Outside, Merce and landscaper Vaughn Banting, now deceased, furthered the art gallery feeling by eschewing a traditional grass garden and covering the ground with gravel. Large sculptures of Art’s dot the landscape, and one lone Enrique Alvarez is perched in a corner. It’s a peaceful sanctuary where the Silvermans spent many happy hours with friends and family.
The exterior of the house was covered with stucco and painted an earthy, faded taupe. The original “Graffagnino’s Tavern” sign, stretching across the front of the house, was left intact. “It’s part of the history of the place,” Art says.
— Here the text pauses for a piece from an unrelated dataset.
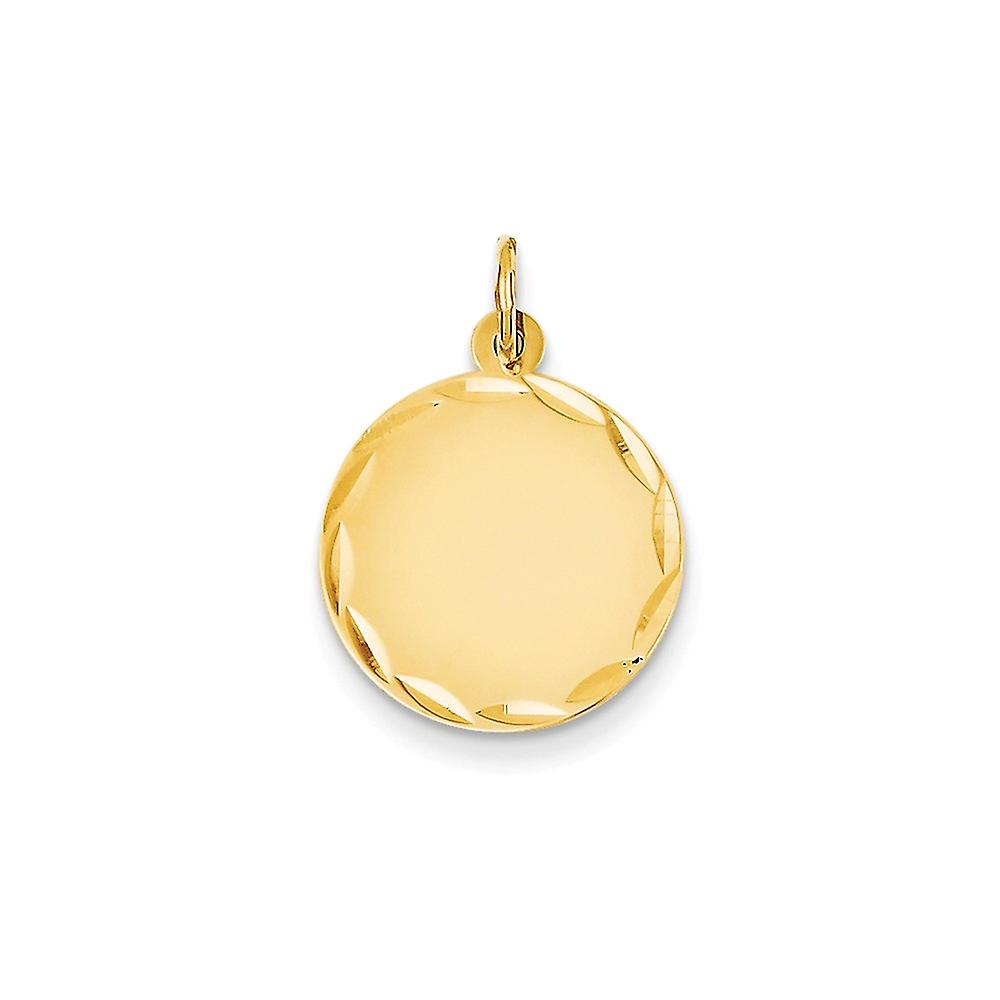 14k Yellow Gold Solid Faceted Polished Etched .011 Gauge Engraveable Round Disc Charm 23x16mm Wide Pendant Necklace for
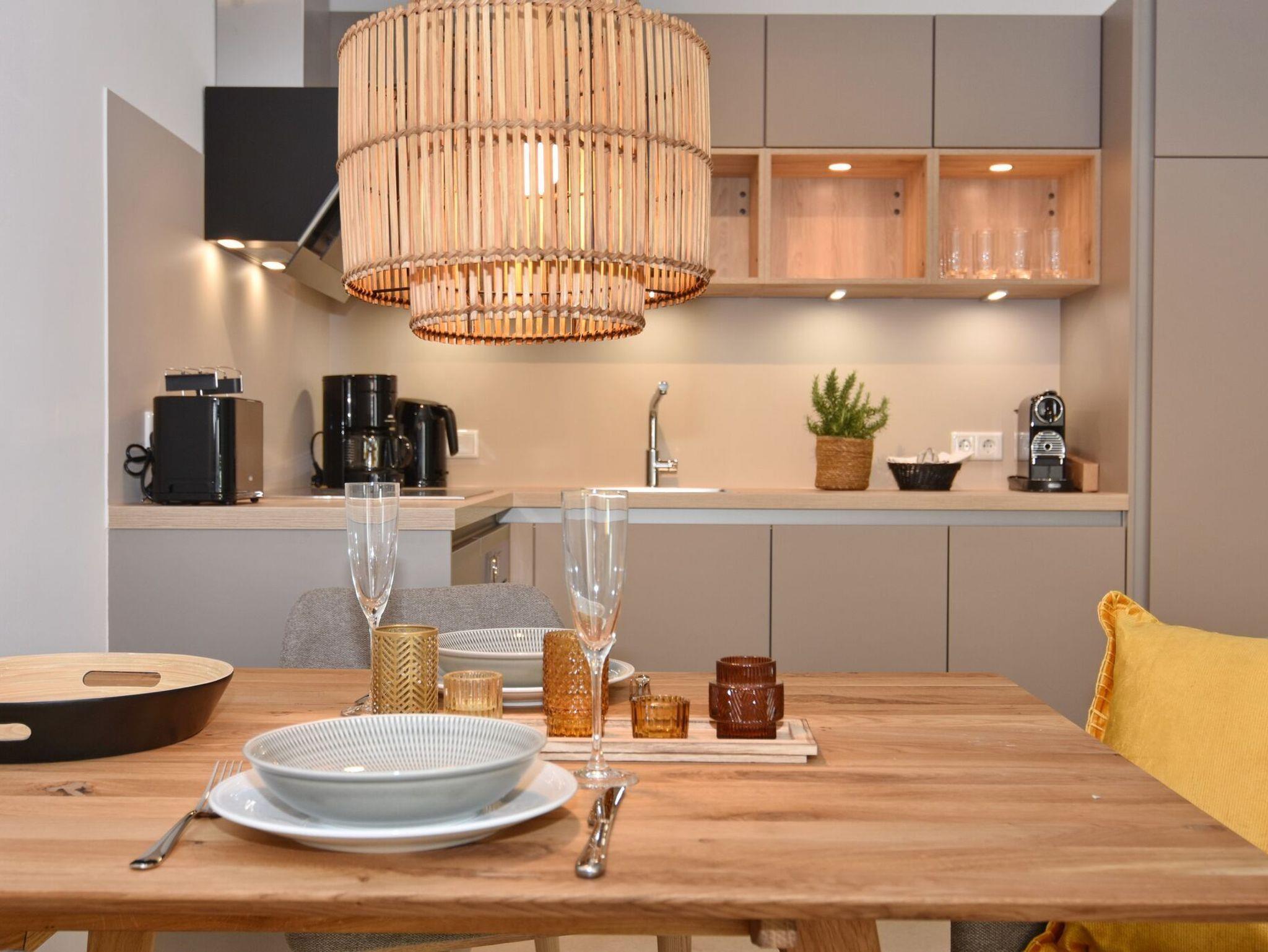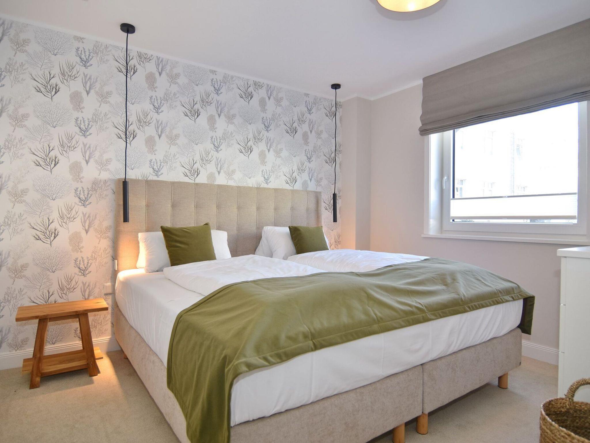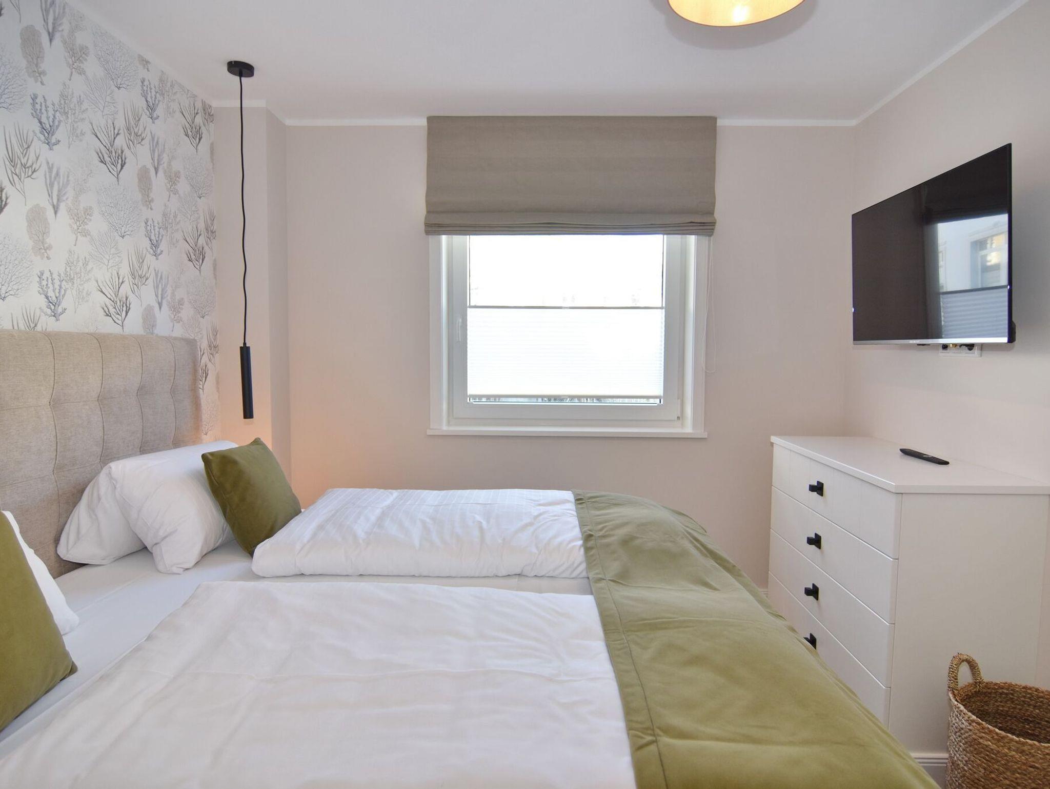 Die hochwertige 3-Zimmer-Erdgeschosswohnung mit ca. 60 qm ist für maximal 3 Personen ausgestattet. Vom geräumigen Flur mit Garderobe gelangen Sie in das Wohnzimmer mit offener Küche und möblierter Südterrasse. Die hochwertige Küche bietet neben Induktionsherd auch Geschirrspüler, Kühlschrank mit Gefrierfach und Backofen mit integrierter Mikrowelle. Die Wohnung bietet Ihnen zwei Schlafräume und ein Duschbad /WC mit Haar- und Handtuchtrockner. Das große Schlafzimmer ist mit einem Boxspringbett (200x200) der Marke FBF, Flat-TV und Einbauschrank ausgestattet (1 Kinderbett zubuchbar), das kleine Schlafzimmer hat ein vom Tischler eingebautes Einzelbett (90x200) und einen kleinen Einbauschrank.

He says that the house was Merce’s vision and that he just went along with it. “My late wife was a frustrated architect,” he says wistfully. “She could walk through a home once and have the entire layout memorized. I knew she had an eye for these kinds of things and she’d make it work, and she did.”
And it is obvious that he, too, has an “eye.” A much-respected physician for 30 years, Art never intended to have two careers and did not discover the true artist within until later in life.
“One day a physician friend of mine confided that he didn’t have much time to live and said, ‘Art, if there’s anything you want to do in this world, do it now,’” Art recalls. “He made me think.”
So he left medicine, began carving wood and was encouraged to pursue sculpting by his friends, the late sculptor Enrique Alvarez and Newcomb art professor Jules Struppeck.
Today, Art Silverman’s sculptures are showcased in 37 public places in New Orleans including City Hall, Temple Sinai and Tulane and Loyola universities. His massive 60-foot stainless-steel water sculpture in front of the Energy Centre is the largest water tap fountain in the United States. Nationally, his works are displayed in some of the most prestigious museums and galleries in the country, from the Fort Myers Sports Arena in Florida to the Weisman Art Foundation
in Los Angeles.
In September, he was honored by the New Orleans Museum of Art as one of the 10 most esteemed local artists at its Love in the Garden gala.
“So much of what has happened to me in my life was almost accidental,” he says. “Merce and I had more than 65 years together, the last 30 in this house. I never thought I’d live in a house that was once a bar. I never dreamed that I’d be a professional artist and that I’d have two successful careers. It’s just been a wonderful ride.”